Jak było rok temu 11 listopada, gdy lewackie media kłamały w żywe oczy, bojąc się odradzającego patriotyzmu Polaków, szczególnie ludzi młodych, przedstawiłem swego czasu także na blogu. Zobacz np.http://grzegorzjaszczura.pl/?p=13443#more-13443. Dlaczego tak jest, próbuje odpowiedzieć kol. Tomasz Fortoński z oddziału dąbrowskiego KNP:

W normalnym państwie, które stanowi suwerenny podmiot na arenie międzynarodowej, w państwie, które jest świadome swojej przeszłości, nie ma zbyt wielu skrajnych narodowców, gdyż jego obywatele mogą bez przeszkód w czasie świąt państwowych okazywać swoje przywiązanie do tradycji, kraju czy barw ojczystych. Vide Stany Zjednoczone! Natomiast w kraju okupowanym czy mającym status kolonii (dzisiejszy PRL-bis), powstają ruchy narodowe, jako reakcja na politykę władz zaborczych (UE), dążących do pozbawienia tożsamości narodowej jego mieszkańców. W takich krajach wszelkie przejawy patriotyzmu są usilnie zwalczane, wyśmiewane, a manifestacje w dzień świąt narodowych skutecznie blokowane. Dwadzieścia lat rządów elity magdalenkowsko-okrągłostołowej doprowadziło do tego, że machanie na ulicy biało-czerwoną flagą jest na tęczowo-różowych salonach odbierane jako przejaw ciemnogrodu, zaścianka i skrajnej prawicy, nazywanej faszyzmem (nie będę się rozwodził nad tym oczywistym kłamstwem, pragnę tylko przypomnieć, że zarówno Mussolini jak i Hitler byli socjalistami oraz to, że towarzysze polscy i sowieccy zwykli nazywać każdego swojego przeciwnika faszystą).

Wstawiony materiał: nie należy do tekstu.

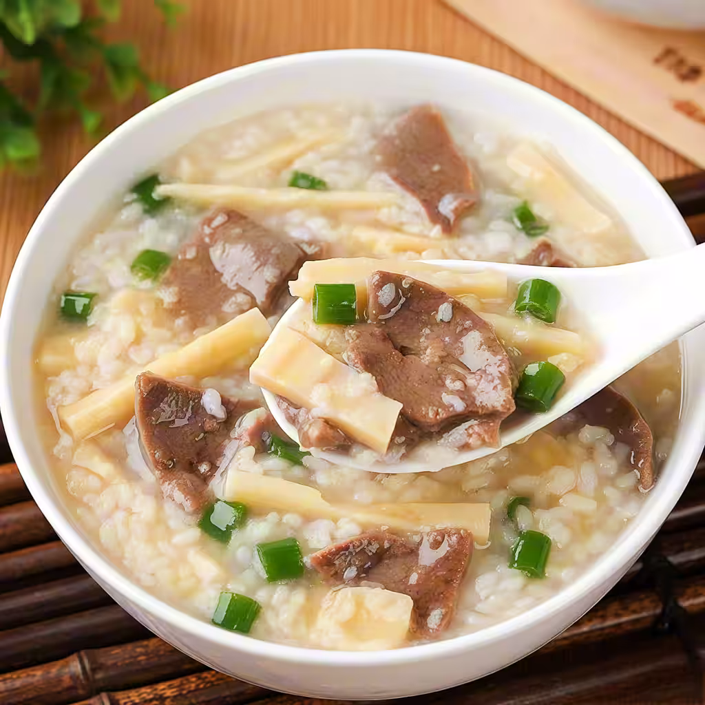 竹筍、豬肝焯水,粥煮好後加入,加鹽、味精調味,撒上蔥末、薑末即可。
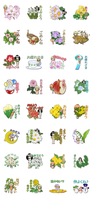 花束と、物語と、やさしい言葉であいさつするスタンプです。tsubasa.seisakusyo より発売
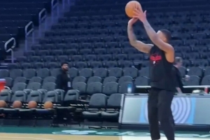 故地重游!利拉德在雄鹿主场三分训练 依旧稳健弹无虚发
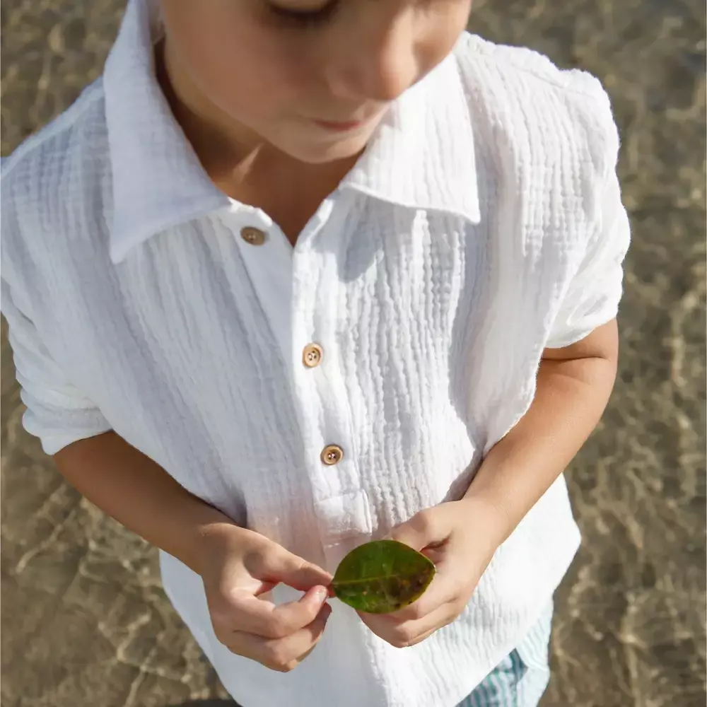 Descrição: Feita em gaze de algodão branca. Botões em madeira na frente e no punho da manga. Gola polo.
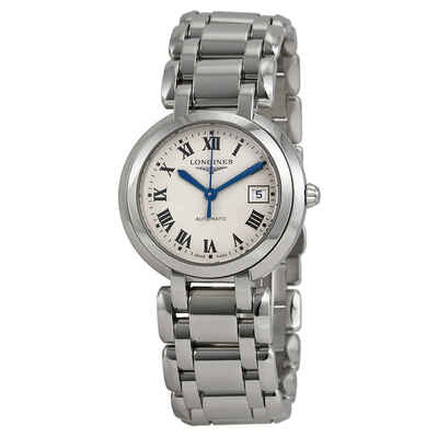 Ladies Automatic Analog Watch with Date Display at 3 O'Clock Position, Silver Dial Featuring Blue Sword-Shape Hands and Roman Numeral Hour Markers. Includes Minute Markers Around the Outer Rim and a Fixed Stainless Steel Bezel on a Stainless Steel Case with Round Shape (Size: 30mm). Equipped with Longines Calibre L595/592 Automatic Movement Based Upon ETA 2000-1, Containing 20 Jewels. Operates at 28800 Vph Frequency and Has Approx. 40 Hours Power Reserve. Features Sapphire Crystal for Scratch Resistance, Pull/Push Crown, Solid Case Back, Stainless Steel Bracelet with Width of 18mm Secured by Fold-Over Clasp with Push Button Release. Water Resistant to 30 Meters / 100 Feet.
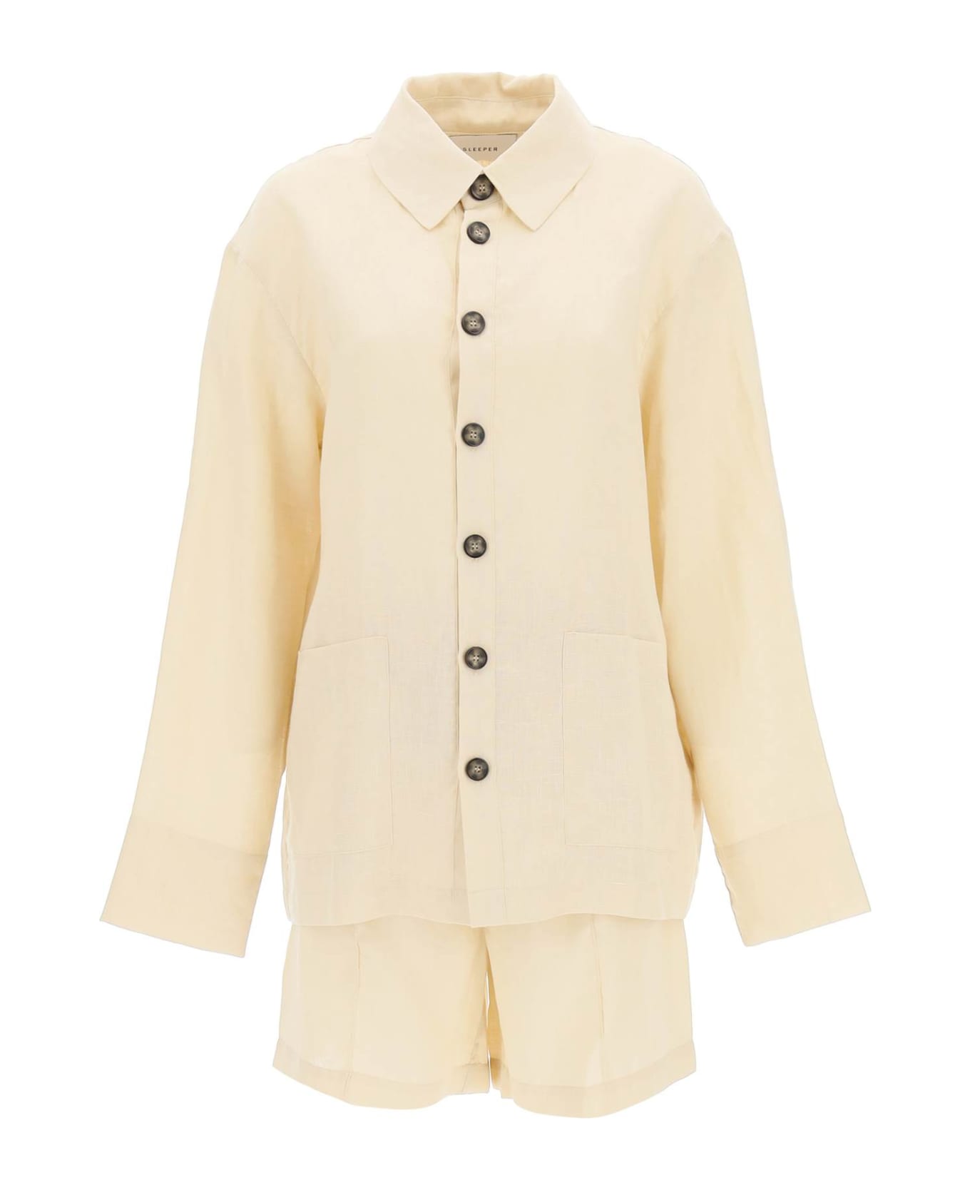Sleeper pajama set in pure linen, composed of a shirt top with button-up closure and two patch pockets, and short pants with elasticated drawstring waist, centre leg pintuck and side pockets. Relaxed fit. The model is 177 cm tall and wears a size XS.
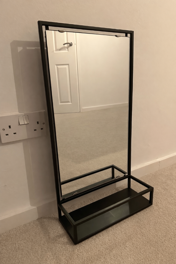 Large mirror with a rustic wooden frame. The bottom of the frame also acts a shelf.
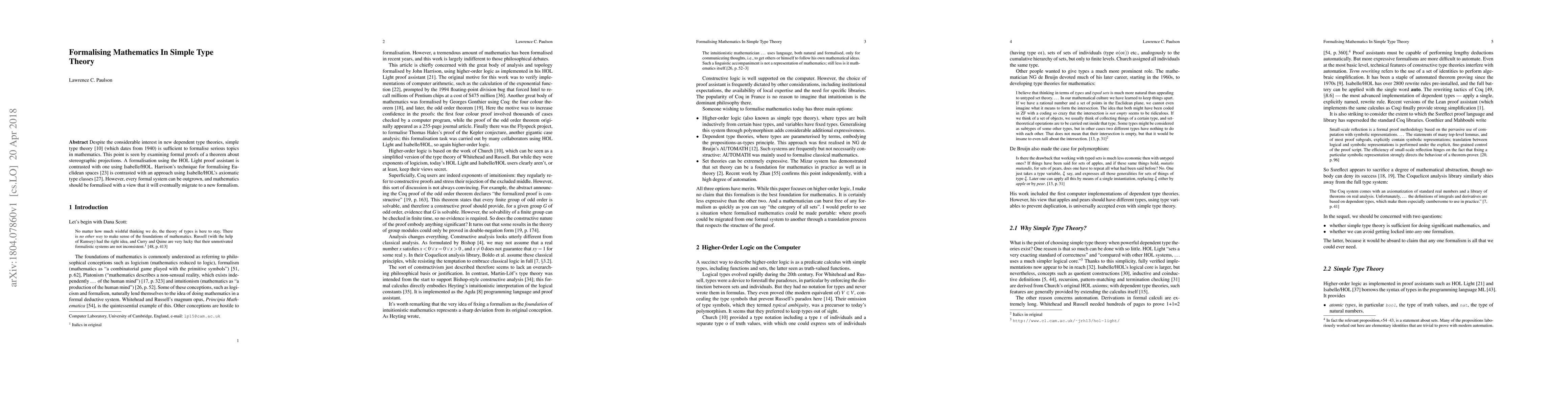 Despite the considerable interest in new dependent type theories, simple type theory (which dates from 1940) is sufficient to formalise serious topics in mathematics. This point is seen by examining formal proofs of a theorem about stereographic projections. A formalisation using the HOL Light proof assistant is contrasted with one using Isabelle/HOL. Harrison's technique for formalising Euclidean spaces is contrasted with an approach using Isabelle/HOL's axiomatic type classes. However, every formal system can be outgrown, and mathematics should be formalised with a view that it will eventually migrate to a new formalism.
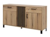 Una colección de muebles con un diseño atractivo y practicidad que garantiza un aspecto estético y un almacenamiento cómodo en cualquier estancia. Los muebles de esta colección están adornados con patas y tiradores de plástico negro, dándoles expresividad. El moderno diseño en contraste se complementa aún más con el color roble, combinado con detalles en negro. Esta combinación no sólo es visualmente atractiva sino que también crea una sensación de naturalidad y calidez en el hogar. Los estantes de vidrio y las inserciones de puertas de vidrio de la colección están hechos de vidrio templado, que es más seguro y duradero que el vidrio común. Además, existe la opción de pedir por separado iluminación LED de bajo consumo para la colección, que añadirá un toque moderno y brillante a su hogar. Con esta colección podrás crear fácilmente un salón o un pasillo armonioso, o complementar cualquier otro espacio de tu hogar.
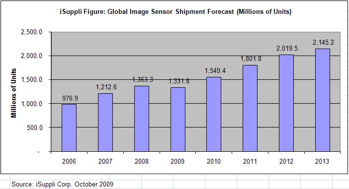 iSuppli預測2009年,13億顆影像傳感器被運往世界各地,而2012年,市場出貨量將跨越20億顆的門檻。
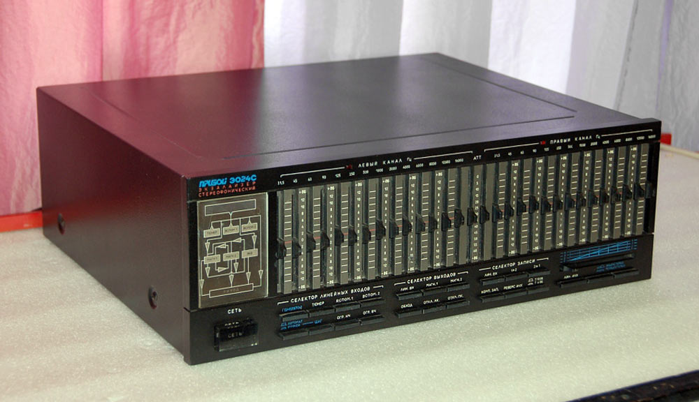 Стереофонический графический эквалайзер *Прибой Э-024С* с I-кв 1991 года выпускал Таганрогский завод Прибой. Стереофонический двухканальный 14-ти полосный графический эквалайзер **Прибой Э-024С** предназначен для оперативной регулировки амплитудно-частототных характеристик моно или стереофонических фонограмм с различных источников в октавном ряду 31,5, 45, 63, 90, 125, 250, 500, 1000, 2000, 4000, 6000, 8000, 12000 и 16000 Гц. Дискретные резисторы ползункового типа позволяют получить графическую картину АЧХ эквалайзера. Эквалайзер имеет минимальный уровень шумов. В нём имеется переключатель входов и кнопка обхода, позволяющая сравнивать фонограмму до и после эквалайзера. Потребляемая мощность 10 Вт.

Dlatego taki dzień, jak 11 listopada, (pomijając sam fakt, że jest to rocznica przekazania władzy nad wojskiem J. Piłsudskiemu, a nie odzyskania niepodległości – akt niepodległości Królestwa Polskiego Rada Regencyjna ogłosiła 7. X. 1918 r.), jest okazją do zademonstrowania, wbrew temu co mówią i wypisują wszelkiej maści lewacy, tego że Polacy chcą być suwerenni, chcą być dumni ze swojej tradycji i historii, chcą bez przeszkód czcić pamięć bohaterów (np. żołnierzy walczących z komunistyczną okupacją) oraz obchodzić święta narodowe.

Jest to też doskonała okazja do wyrażenia sprzeciwu wobec marksizmu społecznego, serwowanego nam przez Brukselę. Tego dnia nie zapominajmy również o głównym architekcie polskiej niepodległości jakim był Roman Dmowski, który działając w Komitecie Narodowym Polskim w Paryżu, skutecznie umiędzynarodowił problem odbudowy państwa polskiego, walczył o jego żywotne interesy w czasie konferencji pokojowej, a także 28 czerwca 1919 roku podpisał traktat Wersalski ją zakończający. To formalnie przywróciło nasz kraj na mapę Europy. Niestety ten wybitny Polak jest dziś notorycznie opluwany, a jego wkład w odzyskanie niepodległości zdecydowanie pomniejszany (zob. http://grzegorzjaszczura.pl/?p=735#more-735). Motywacje tego procederu są tożsame z tym, o czym wspominałem powyżej.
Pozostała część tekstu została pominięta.